Duran v. La Boom Disco, Inc.
United States Court of Appeals for the Second Circuit
December 13, 2019, Submitted; April 7, 2020, Decided
JosÉ A. Cabranes, Circuit Judge:
In 1991, Congress set out to cure America of that "scourge of modern civilization": telemarketing. Alarmed that unsolicited advertising calls were inundating the phones of average Americans, it passed ] the Telephone Consumer Protection Act ("TCPA"), prohibiting certain kinds of calls made without the recipient's prior consent. Specifically, the TCPA permits a recipient to sue any caller if that caller used an automatic telephone dialing system ("ATDS") to reach the recipient's cell phone, with some exceptions. By creating [*3] such a private cause of action, the hope was that telemarketers would be deterred from undertaking ATDS-fueled advertising campaigns—and that American cell phone users would have fewer "rings" and "buzzes" interrupting their days.

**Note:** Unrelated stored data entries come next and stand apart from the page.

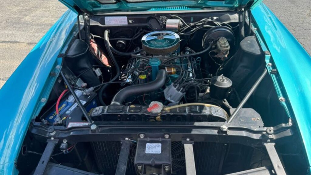 Power comes from AMC’s 290-cubic-inch V8, paired with an automatic transmission. Though smaller than the big-block options offered at the time, the 290 still provided plenty of punch for drivers looking for a balance between performance and daily usability. This particular Javelin also features Edelbrock chrome valve pan covers, adding a touch of aftermarket flair to the otherwise original engine bay.
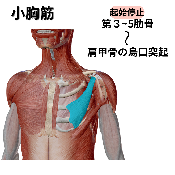 肩甲骨の烏口突起から肋骨まで着いている小胸筋。肩甲骨が様々な動きをする中で拮抗筋として働くのがこの小胸筋です。
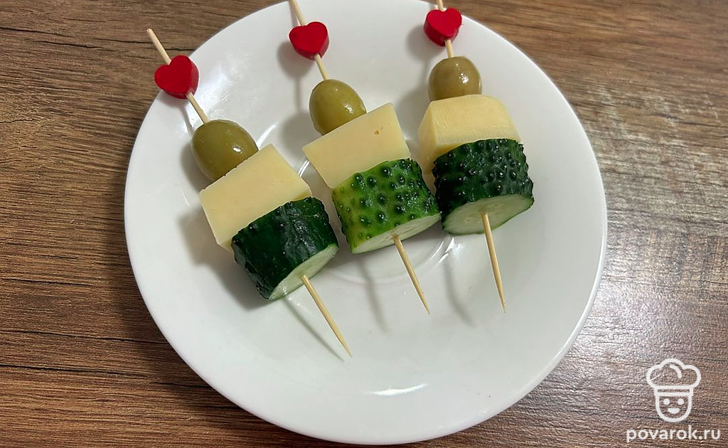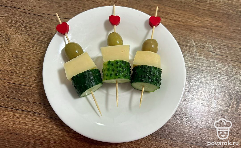 Шпажки переложите на тарелку. Подавайте к столу. Приятного аппетита!
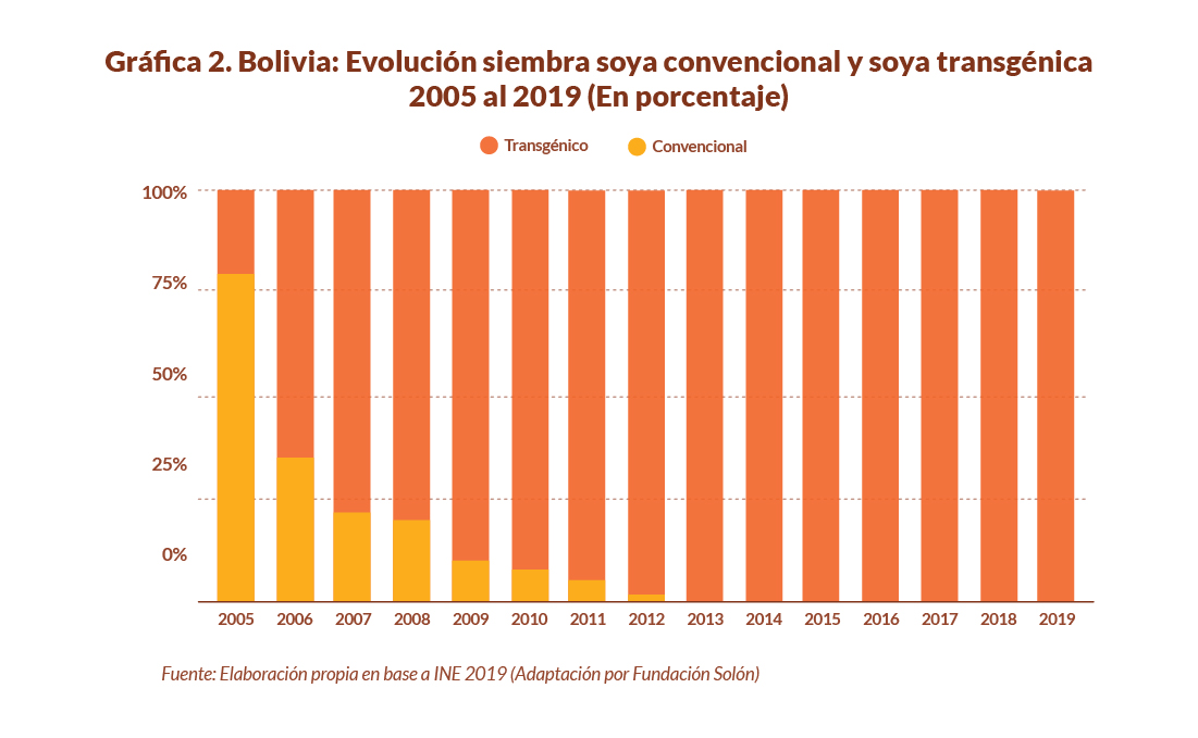 El hito fundamental que terminó de implantar este modelo agropecuario que llevaría a la “modernización” de la agricultura boliviana fue la Resolución Ministerial N° 1 del 7 de abril de 2005 que autoriza por primera vez la “producción agrícola y de semillas, procesamiento, comercialización interna y externa de soya genéticamente modificada resistente a glifosato evento (40-3-2)”. A partir de ese momento la siembra con soya transgénica se expandió rápidamente. Para 2012 prácticamente toda la soya sembrada en el país era soya transgénica evento 40-3-2 (conocida comercialmente como soya RR “Roundup Ready”) (Gráfica 2).

Predictably, the TCPA has created much litigation from consumers seeking to redress the all-too-common injury of having received an unwanted phone call or text message. But what is at heart a straightforward law—giving individuals a right to sue for this kind of intrusive advertising—has become complex to enforce.
This is because of a simple definitional question that pervades TCPA litigation in our Circuit and others: what exactly is an ATDS?

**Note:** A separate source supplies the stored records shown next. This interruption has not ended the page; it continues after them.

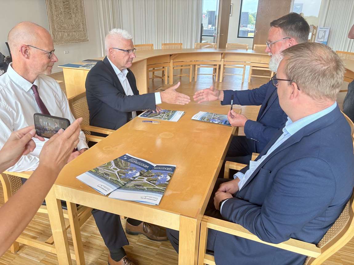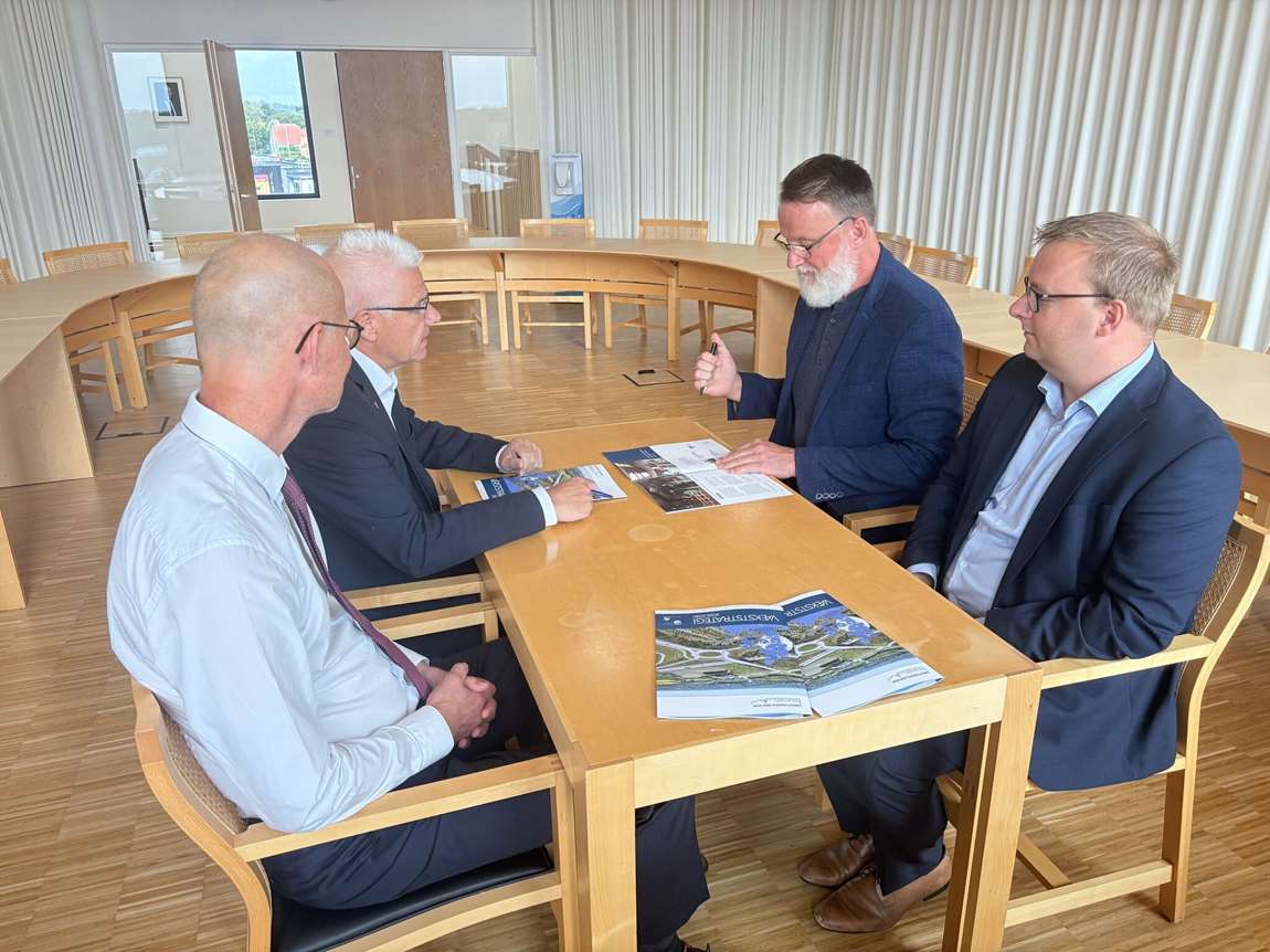 Daværende borgmester i Vejen Kommune, Frank Schmidt-Hansen og bestyrelsesformand for UdviklingVejen Ole Stubbe satte underskrifterne på Vækststrategien 2026-2030, flankeret af kommunaldirektør Thomas Reintoft og erhvervsdirektørMartin Dunlap Svane.
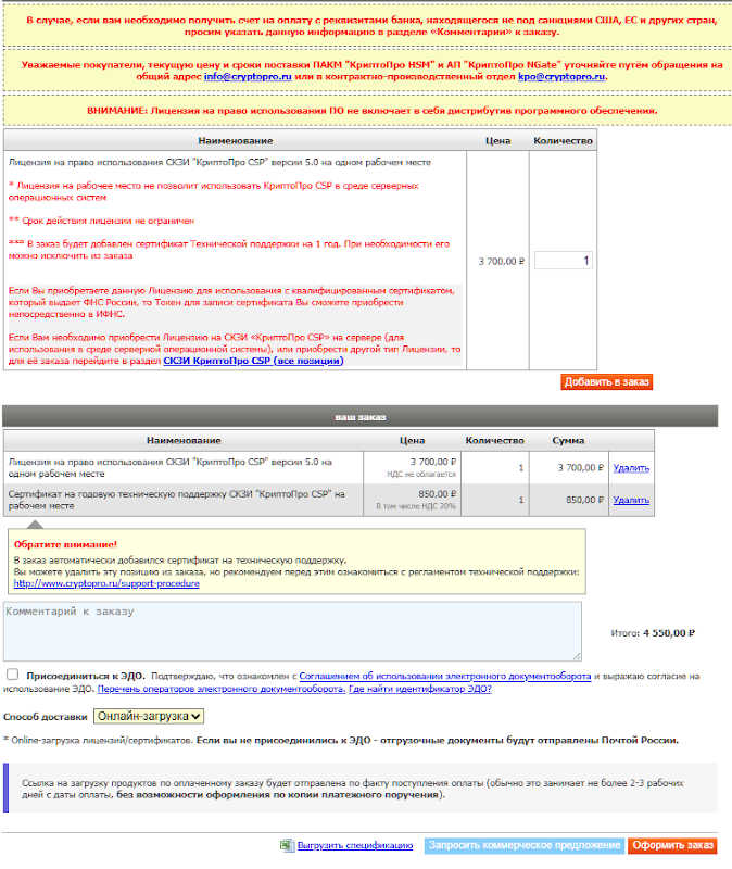 При нажатии на Купить выдаст таблицу – здесь можно указать количество лицензий (сколько человек от организации будут использовать ЭП), которые вы хотите добавить в заказ, проверить его состав, способ доставки и другие параметры. И подтвердить:
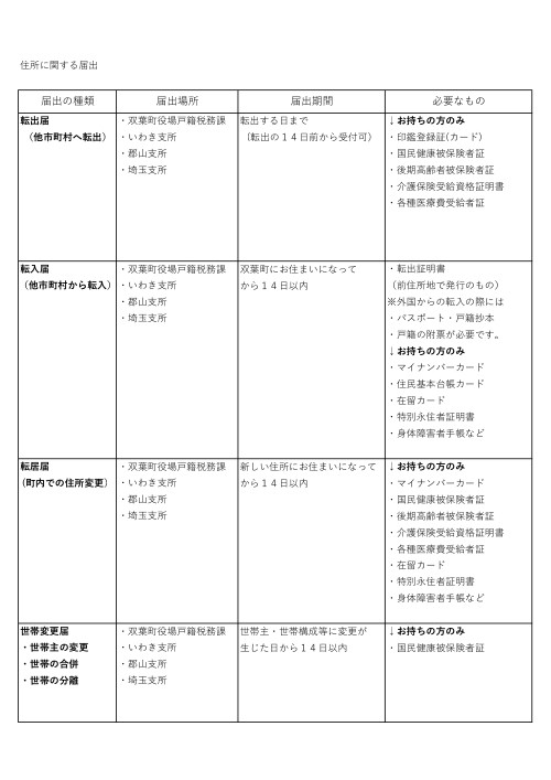双葉町に住民登録している方で住所の異動や世帯の異動がある場合は、届出が必要です。届出の際、本人確認が必要となりますので身分証明書を提示してください。
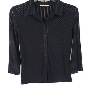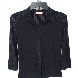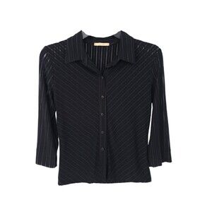 Forever 21 Y2K Top Womens Medium 3/4 Sleeve Stretch Button Sheer Sexy Vintage
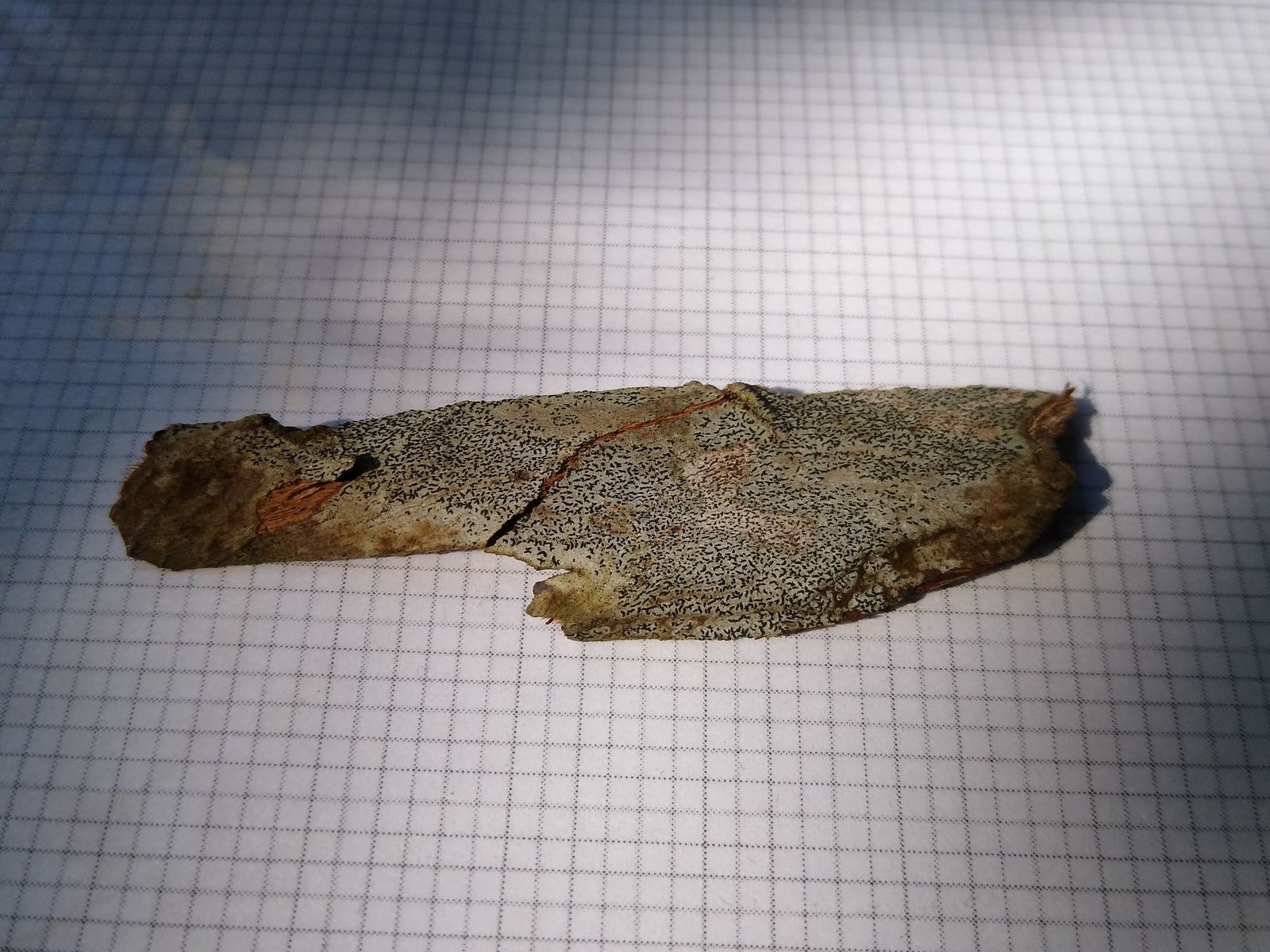Der Fund sieht schon sehr nach einer Flechte mit lirellen-förmigen Fruchtkörpern aus - sprich, die FK gehören aller Wahrscheinlichkeit zum Thallus.

It is this very question that is before us here.
Plaintiff-Appellant Radames Duran ("Duran") claims that he received, over the course of more than a year-and-a-half, hundreds of unsolicited text messages from Defendant-Appellee La Boom Disco ("LBD"), a nightclub in Queens, New York, all sent using ATDSs. LBD acknowledges that it sent the messages, but counters that its actions were not prohibited by the TCPA because the texting platforms it used to send them were not, in fact, ATDSs. Of course, only one [*4] party can be right: either LBD used ATDSs, or it did not. If LBD did do so, then it is liable to Duran under the TCPA. But if LBD did not do so—if it used some non-ATDS technology to send its texts—then Duran has no case.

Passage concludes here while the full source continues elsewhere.